Interview with Dominique Hamerlijnck
I’m Dominique Hamerlijnck. I’m one of the patient advocates from the Dutch Lung Foundation. We do quite a lot of different projects, and usually it goes two ways. We are asked for a specific project because they know we are interested, or we have sort of general call saying who would be interested in being involved in a specific project.
I started in 1980 when my primary care physician asked me to talk to some medical students on what it’s like to live with asthma. It sort of developed from there, and the main change happened when I worked for the Asthma Foundation as the leader of patient involvement. From there, it developed because then I got really, really interested in what we could do. It goes from being giving advice, or advising on projects, applications, but also going to EMA. We were asked to advise on a big EU project, research project, even before the first application was given. It was really wonderful because the primary proposer, he was really interested and he completely changed the proposal because of what we told him would be possible for patients with severe asthma.
We looked at all the proposals. We had a patient group of about 12 people, and we talked together on advising on proposals, and we helped each other. I learned about as much from my fellow patients as I learned from the researchers because everybody sees different things. Like with informed consent, we all of us have a language sensitivity that’s different, and it really worked very, very well.
We saw the proposals. We saw the informed consent. We helped them develop patient information leaflets on specific aspects of what the patients involved in the trial would go through. We helped them contact patients, because they had a lot of problems in getting enough patients included in the research. And for the first time we were involved in the work packages. Two of us were added to the work package and followed every discussion between the work package, participants, as patients as well. So we were really deeply involved in the project from beginning to end. That was really good.
The Dutch Lung Foundation invested when they made a special group of people who are experienced in being experienced in the disease. There’s not a real English word for it. They gave us some training in communications, and how to communicate in a way that connects instead of repels, so that you’re not telling a doctor they do everything wrong, but more find a way of talking together. We had a few of those. I think what was really educational is, we worked on a project where we as patients developed what questions would be interesting in giving advice on the research proposal. That really got all of us thinking about our role as patient advocates, and things like EUPATI, or going to EMA, just reading stuff is so educational. Then you see different aspects and that really helps.

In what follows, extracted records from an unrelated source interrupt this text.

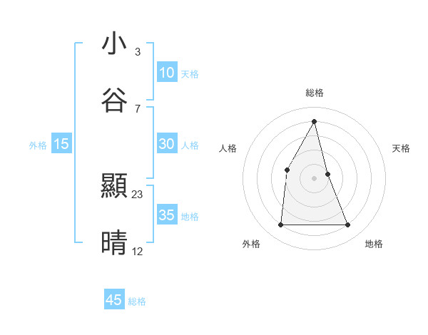 小谷 顯晴さんの総格は45画の4点!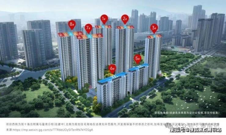 •总户数:758户;规划7栋住宅,含5栋高层(670套)和2栋洋房(88套);高层1#、2#总高31F,3#总高26F,7#、8#总高27F,洋房5#、6#总高11F;高层2梯5户、洋房1梯2户;机动车位808个,车位配比约1:1.07,部分楼栋间距约30米;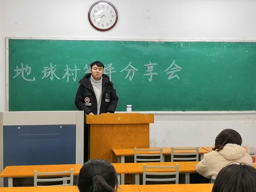 12月13日晚上,管理学院于三号教学楼305教室举行“地球村笔译分享会”活动。此次活动由管理学院省级英语翻译大赛优秀获奖学子付开营主讲,部分学生参加。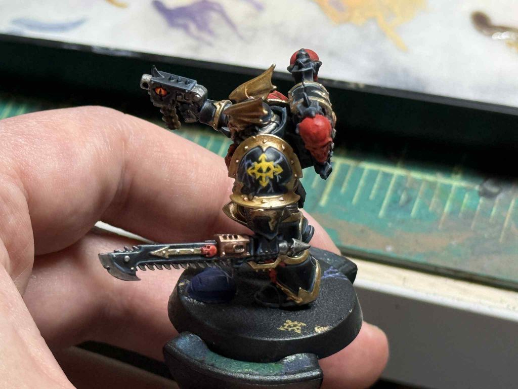 The momentum from the heavy gunner spilled into my decision to paint a bespoke Nemesis Claw warrior for the team, instead of just using one of my other Legionnaires to fill the role of “dude with chainsword.” If I was having fun before with the Gunner, but the Warrior the kind of absolute blast to paint that comes with the perfect union of high hobby energy on a cool looking model. I was having such a good time, in fact, that I allowed myself to get carried away. I just waxed poetic about how the lightning looks cool on the Night Lords, why not try to freehand some myself? And while we are out here in freehand town, hey, lets paint the Black Legion icon on this guy’s pauldron too. In for a penny, in for a pound.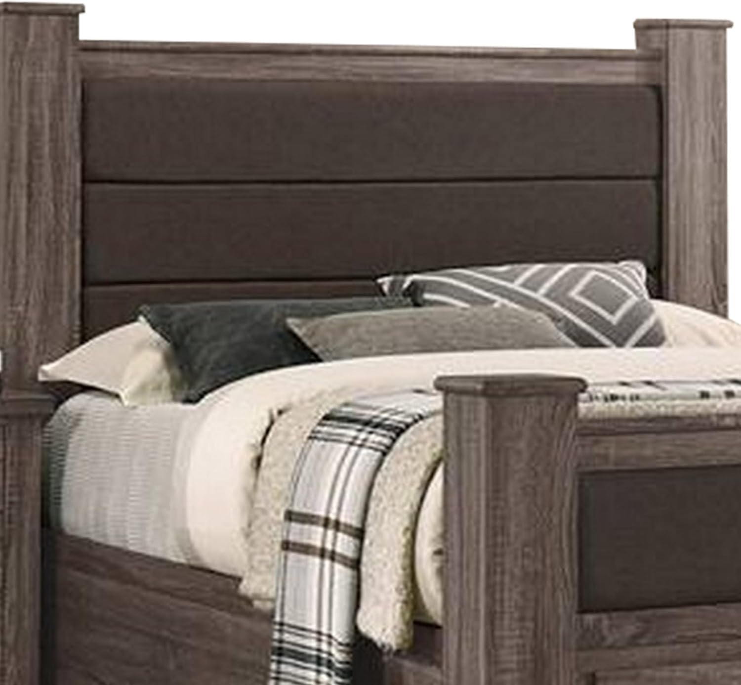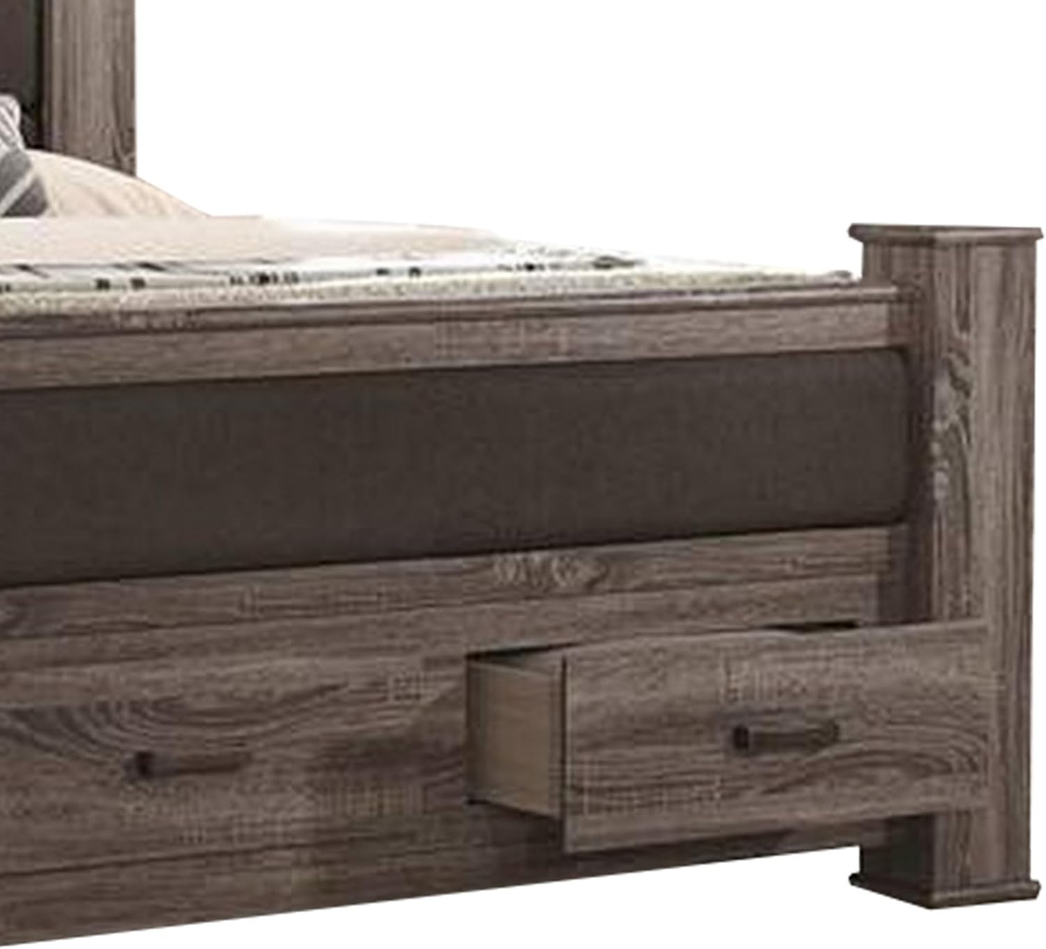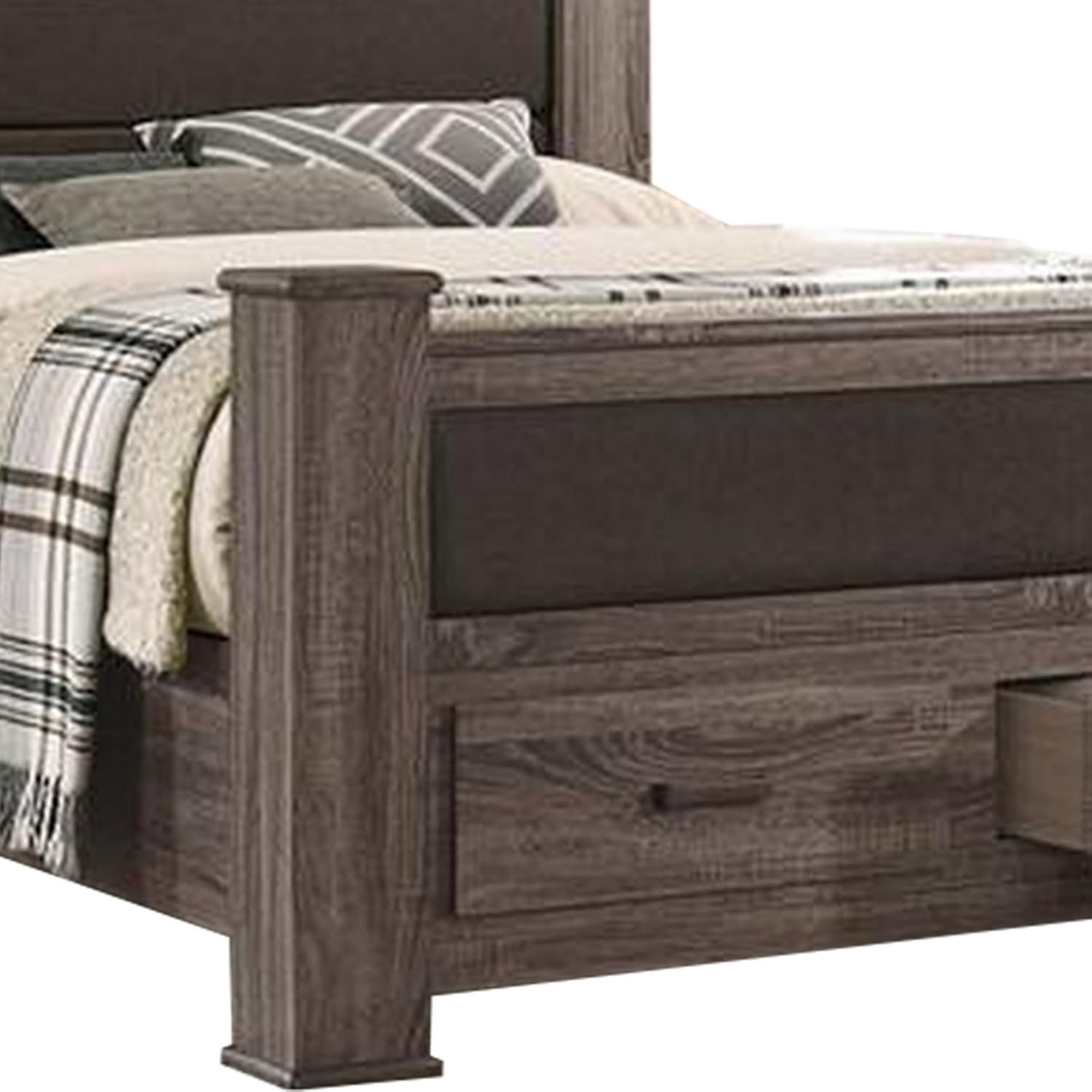 Benjara BM300199 Fort Wood Bed with 2 Drawers & Upholstered Panel Oak Gray - California King Size

HOW HAS THE EUPATI TRAINING IMPACTED YOUR ADVOCACY WORK?
It’s a good example: I was invited to a clinical trial development group which sort of is a consortium of the Dutch government, the Dutch clinical trial organisations and the pharmaceutical industry, and they are trying to get patients involved. And they had an open meeting, and because of EUPATI, I noticed I was talking differently with them. Had a different kind of input and could be more patient in what I was saying. This worked really well because I knew there was this wealth of information that I had in my backpack, but I didn’t have to tell everything from the get go. That I think EUPATI helped me in.
WHAT ARE SOME OF THE CHALLENGES AND BARRIERS THAT YOU ARE FACED WITH IN YOUR PATIENT ADVOCACY WORK?

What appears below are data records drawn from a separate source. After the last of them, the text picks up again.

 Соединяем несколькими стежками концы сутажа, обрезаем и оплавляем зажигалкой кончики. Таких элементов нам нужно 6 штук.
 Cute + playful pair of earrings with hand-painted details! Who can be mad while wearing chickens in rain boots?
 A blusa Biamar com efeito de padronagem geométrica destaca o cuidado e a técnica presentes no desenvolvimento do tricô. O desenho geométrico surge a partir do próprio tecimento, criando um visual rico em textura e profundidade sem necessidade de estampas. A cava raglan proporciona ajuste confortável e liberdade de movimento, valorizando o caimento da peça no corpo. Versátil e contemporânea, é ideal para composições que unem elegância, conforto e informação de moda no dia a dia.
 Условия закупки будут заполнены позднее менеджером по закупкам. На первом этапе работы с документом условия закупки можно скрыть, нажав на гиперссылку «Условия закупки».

One of the barriers, because I also work with HTA and cost effective analysis modelers and researchers, is that you have to find a common language. You have to find a way to be interested in what they tell you and make a translation, but also translate what you’re saying so that you find a common ground. That is a difficult thing to achieve. I feel that’s a barrier, but once you’ve achieved it, you get into the real conversation. Then you get influence. Then people start listening. When I started in the 1980’s, we could do very little. We could talk to some doctors. We could do maybe talk to some medical students, but all these little steps helped. It is an incremental system, and we’re in the forefront. Patients being patients is really important, we’re getting there, but it is still slow process. Ten years ago we couldn’t do what we do now.
We’re in the forefront, so we are the select group of usually high educated, highly vocal and interested, and out-there patients. It’s important to get us to be more involved in different areas, but also how can we involve less vocal, less educated people, and develop a form of patient advocacy that fits them.